Avant toute chose, Martine devrait rencontrer un planificateur financier pour faire le point et étudier différents scénarios: retraite avec 50% ou 55% des revenus de travail, possibilité d’emprunter pour cotiser à son REER, report d’un an du départ à la retraite, etc. Beaucoup de ces professionnels sont en pays de connaissance, étant eux-mêmes travailleurs autonomes.

Ensuite, Martine pourrait hausser ses tarifs (les bons travailleurs autonomes sont toujours en demande!) et évaluer la pertinence de sous-traiter certaines parties de ses contrats. Cela lui permettrait d’accepter plus de mandats et d’augmenter son chiffre d’affaires. Elle pourrait aussi déposer la TPS et la TVQ qu’elle perçoit de ses clients dans l’un de ces comptes à haut taux d’intérêt que proposent les banques virtuelles, comme ING Direct. Un tel compte pourrait lui rapporter 200$ (imposables) par année, sans qu’elle ait à faire d’effort particulier ou courir de risque supplémentaire.

Ne pas «rapper» son REER

Comme de nombreux travailleurs autonomes, Martine a établi son bureau à la maison. Elle peut inscrire à titre de dépenses d’entreprise la partie des frais de chauffage, d’électricité, d’assurances et d’entretien qui sert à faire fonctionner son bureau. Même chose pour les intérêts hypothécaires et les taxes foncières. Cette partie admissible est égale à la superficie qu’occupe le bureau dans la maison (au Québec, seule la moitié des frais encourus peut être inscrite).

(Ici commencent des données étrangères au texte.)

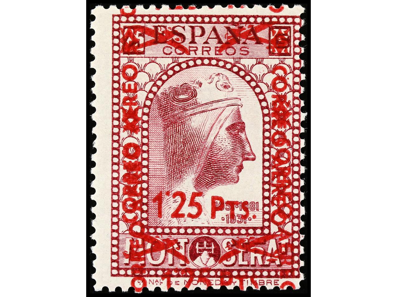 ESPAÑA. 1,25 pts. s. 25 cts. lila rosáceo. HABILITACIÓN DOBLE. Mismo ejemplar que el reproducido en Edifil. Ed.784hh. Cat. +105€. (Image1)

Puisque le fisc absorbe ces dépenses, on comprend l’avantage d’avoir un bureau à la maison.

Mais quel est le lien entre le bureau à domicile et la planification de la retraite? C’est que plusieurs travailleurs autonomes pourraient être tentés de «rapper» leur REER afin d’acheter une première maison. En effet, le Régime d’accession à la propriété (RAP) permet de retirer jusqu’à 20 000$ d’un REER, sans incidence fiscale, pour acheter ou construire une résidence. Une fois la maison acquise, on doit rembourser son REER à l’intérieur d’une période de 15 ans.

Si le RAP du REER comporte plusieurs avantages, il présente toutefois deux inconvénients majeurs: il fait perdre l’effet d’accumulation (le REER est entamé) et il peut obliger son détenteur à vendre des produits financiers à un moment inopportun, engendrant ainsi une perte non déductible.

Les travailleurs autonomes qui, comme Martine, comptent uniquement sur leur REER pour préparer leur retraite devraient y songer à deux fois avant de le «rapper». En effet, lorsqu’ils auront fini de rembourser leur dette dans une quinzaine d’années, ils auront sans doute encore une hypothèque à payer et leur REER sera au même point qu’au jour de l’emprunt. Leur objectif d’être financièrement autonomes à la retraite s’en trouvera affecté.

Transparence!

Les travailleurs autonomes peuvent être tentés de cacher au fisc une partie de leurs revenus. Ce faisant, ils se tirent dans le pied, et plutôt deux fois qu’une. D’une part, ils commettent une infraction à la Loi de l’impôt sur le revenu. Si le gouvernement les pince, ils regretteront amèrement leur audace. D’autre part, leur rente de retraite du RRQ risque d’être diminuée. En effet, le montant de cette rente est fonction des revenus inscrits à la Régie. Plus ceux-ci sont modestes, plus petites sont la rente de retraite du RRQ et la rente en cas d’invalidité.

En 2006, le montant maximal sur lequel on peut cotiser est de 42 100$. Pour les travailleurs autonomes, c’est la même somme, mais il s’agit du revenu net, soit le chiffre d’affaires moins les dépenses d’entreprise.

Évidemment, les travailleurs autonomes doivent payer une double cotisation au RRQ: celle de l’employé et celle de l’employeur, pour un maximum de 3 821,40$ en 2006. Notons que la moitié de cette somme est déductible d’impôt.